エンゲル係数です。
エンゲル係数という言葉をご存知ですか?エンゲル係数とは、家計に占める食料費の割合ことをいいます(外食を除く)。
生活水準を図る指標のひとつとされ、(食料費÷消費支出)×100という計算で計測し、このエンゲル係数が低いほど豊かで、高いほど貧しい、ということになります。
私たち人間は、所得が増えると食費以外のことにお金を使います。
外食をしたり、遊びに行ったり、趣味に利用するものを購入したりします。
そして所得が減ると、まずはじめに節約するのは自分の趣味や娯楽ですよね。
人間は食べることを我慢はできませんから、お金がなくなると収入の食費に占める割合はどんどん高くなります。
ちなみに、現在の日本のエンゲル係数は約20%といわれています。
これは、世界水準から比べるとかなり豊かであることを示しています。
しかし、日本はそれほど豊かでしょうか?現状を見ていても到底そうは思えません。
他国と比べるのではなく、日本のエンゲル係数の経緯を見てみても、この係数はずっと下がり続けているのです。

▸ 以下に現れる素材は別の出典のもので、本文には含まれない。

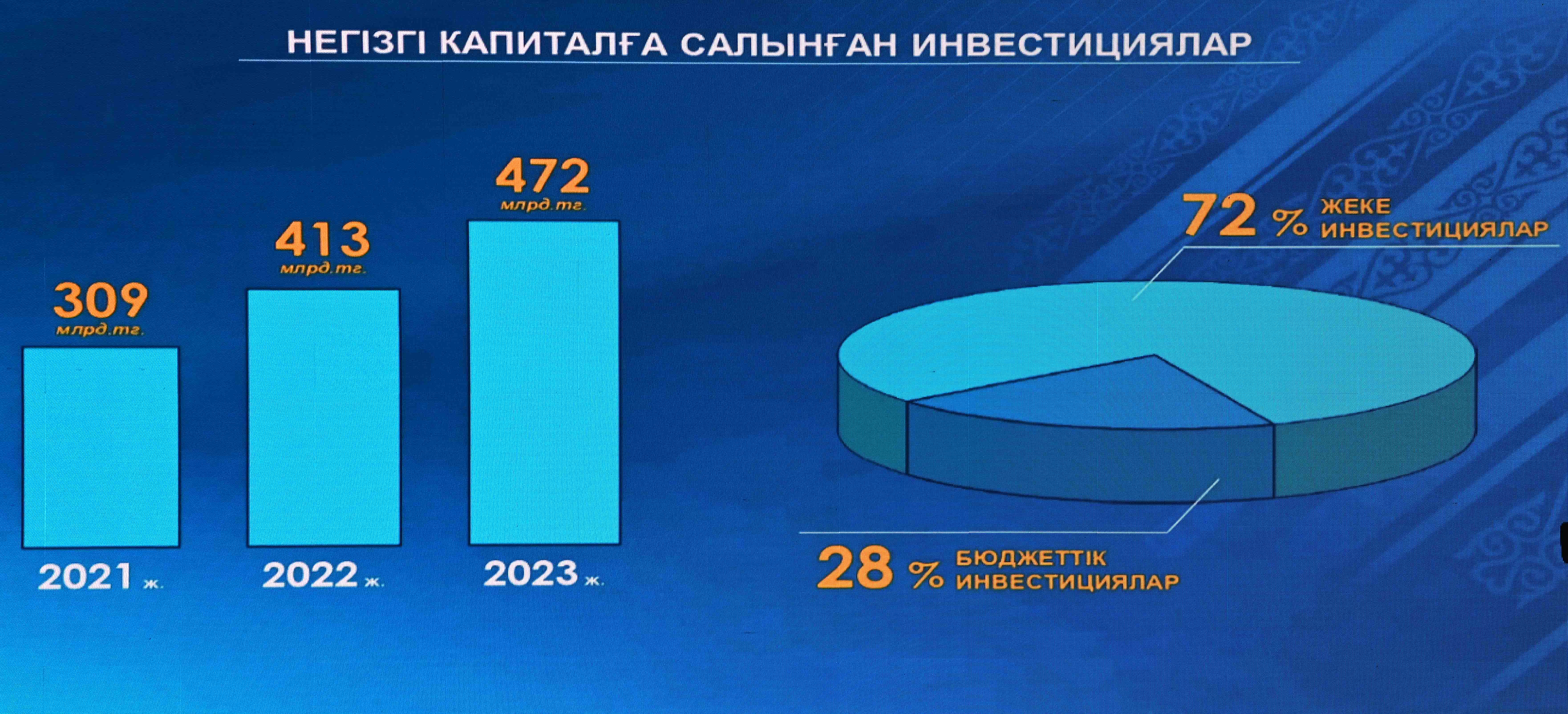 По информации главы региона, наблюдается рост показателей социально-экономического развития. В частности, объем производства в обрабатывающей промышленности увеличился на 115,8% (227 млрд тенге), сельском хозяйстве – на 101,6% (157 млрд тенге), строительстве – на 126,4% (117 млрд тенге), жилищном строительстве – на 118,9% (618 тыс. кв. м), торговле – на 104,1% (531 млрд тенге). Объем инвестиций в основной капитал в текущем году планируется довести до 472 миллиардов тенге. Большая часть из них приходится на частные инвестиции.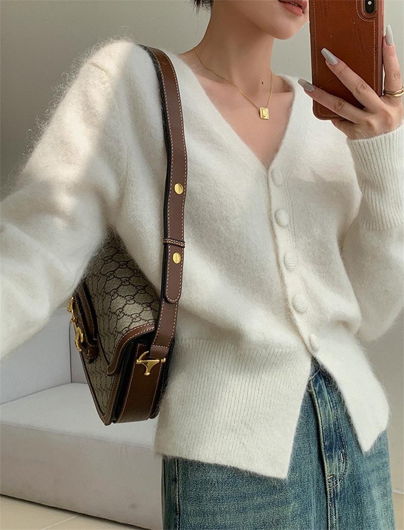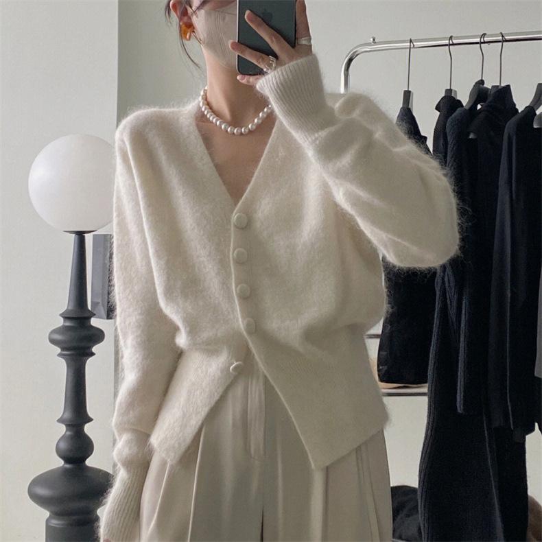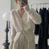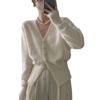 Cárdigan de punto estilo japonés de color sólido estilo occidental para mujer, otoño 2024, nuevo, holgado, con cuello en V, informal, con cintura ajustada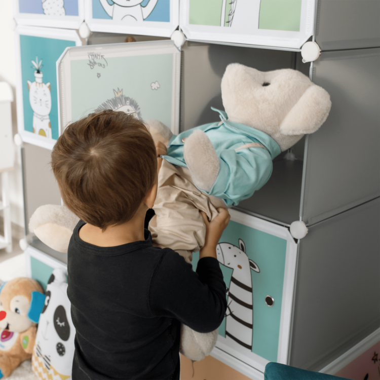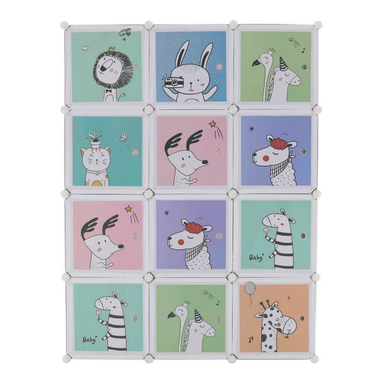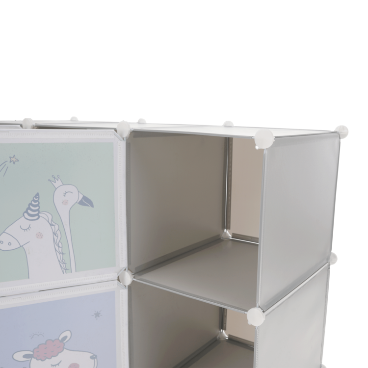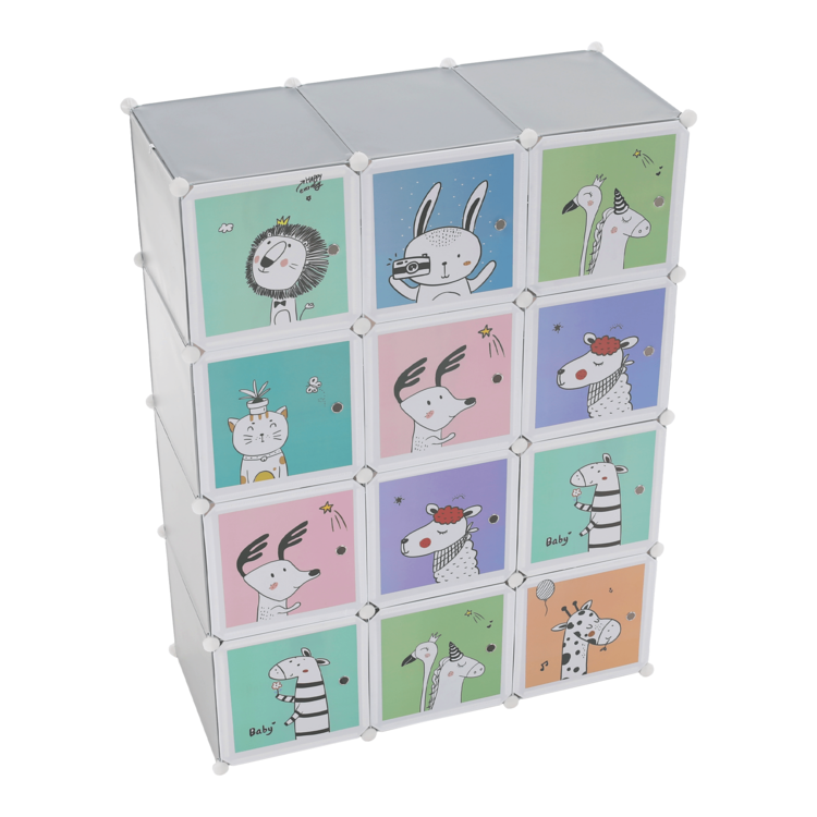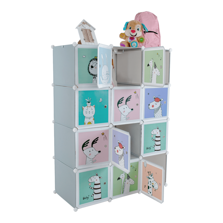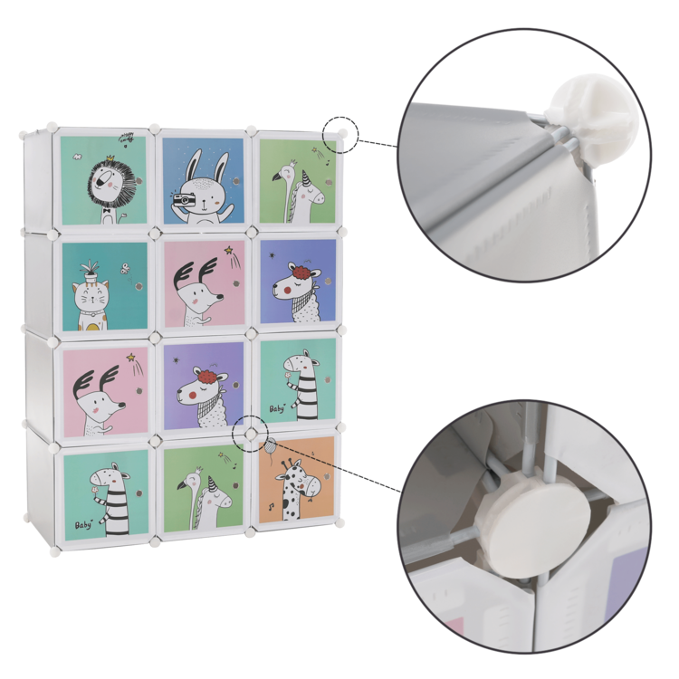 Skriňa HAKON je modulárna, vďaka čomu si ju viete poskladať podľa vaši aktuálnych predstáv. Skladá sa z kovovej konštrukcie, plastových úložných boxov s nosnosťou 5kg a závesného systému. Skriňa má bielu farbu a jej dvierka sú pokryté veselými detskými motívmi.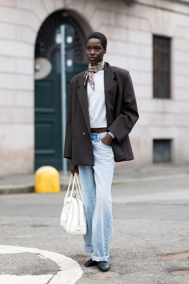 季節の変わり目を軽やかに乗り越えるためには、ベーシックアイテムをうまく活用してみて。オーバーサイズのピンストライプジャケットにシンプルなクルーネックのスウェットシャツ、そしてローライズデニムは、クローゼットに常備しておくべき失敗知らずの鉄板アイテムといえるだろう。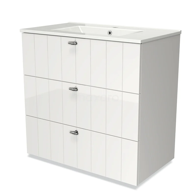 Modulo Bathroom furniture with sink | 80 cm High-gloss white Slat front Ceramic 3 drawers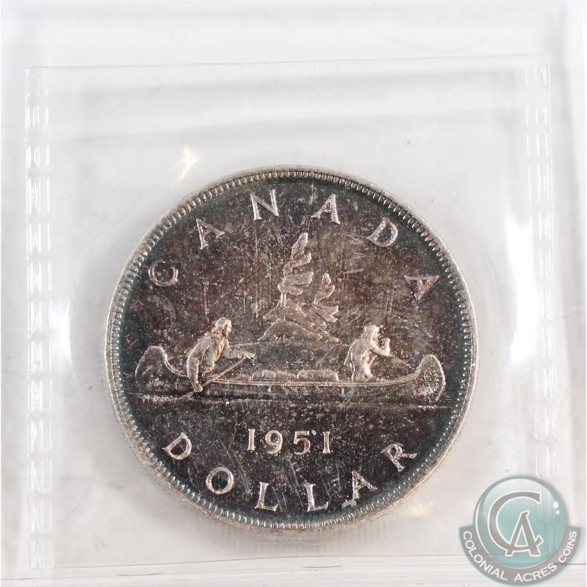 Silver $1 1951 ICCS Certified SP-66. This Coin features beautiful indigo rainbow toning throughout with a rare SWL variety not listed on ICCS holder.
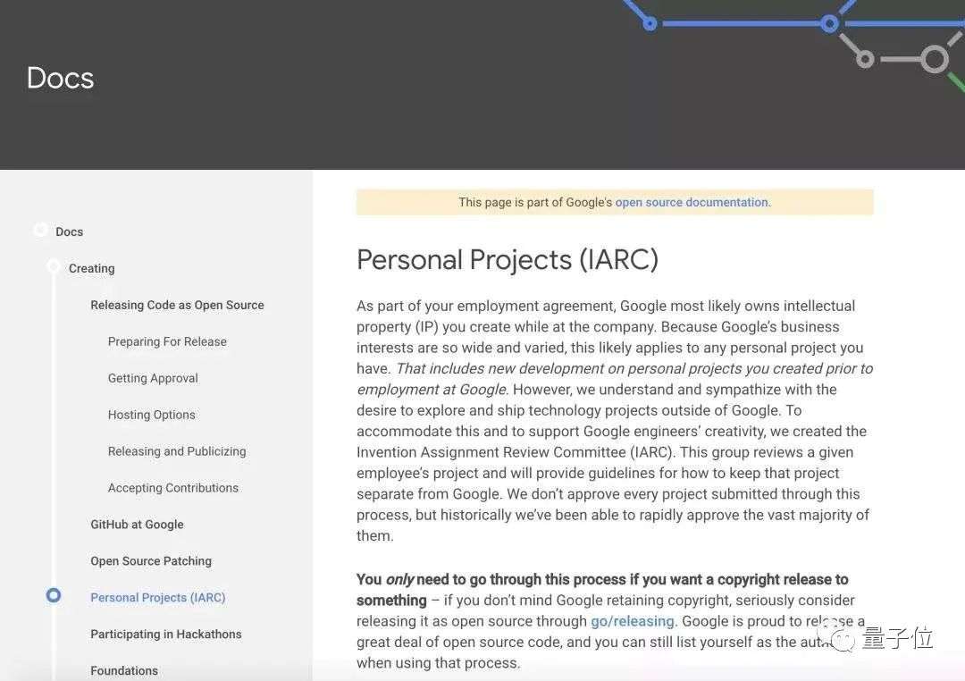 为了适应这种情况(个人项目版权问题)并支持谷歌工程师的创造力,我们成立了 Invention Assignment Review Committee(IARC),该小组将审查给定员工的项目,并将提供有关如何将该项目与谷歌分开的指南。

それはなぜなのでしょうか? 昔は単純にこのような計算で豊かさを計ることができました。
しかし、現代には、このエンゲル係数を考えた人にも想像がつかなかった様々な要因が、我々の生活に大きく関係しています。
例えば少子化問題であったり、食への執着であったり、またハンバーガーや牛丼などを代表する軽食の値段が急激に下がったことによって外食の方がお金がからなくなったりと、本当の意味での家計に占める食料費の割合が図れなくなってきているのです。
今では豊かさをエンゲル係数で図ることはほとんどなくなりました。
というよりも、図ることができなくなってきているというのが現状です。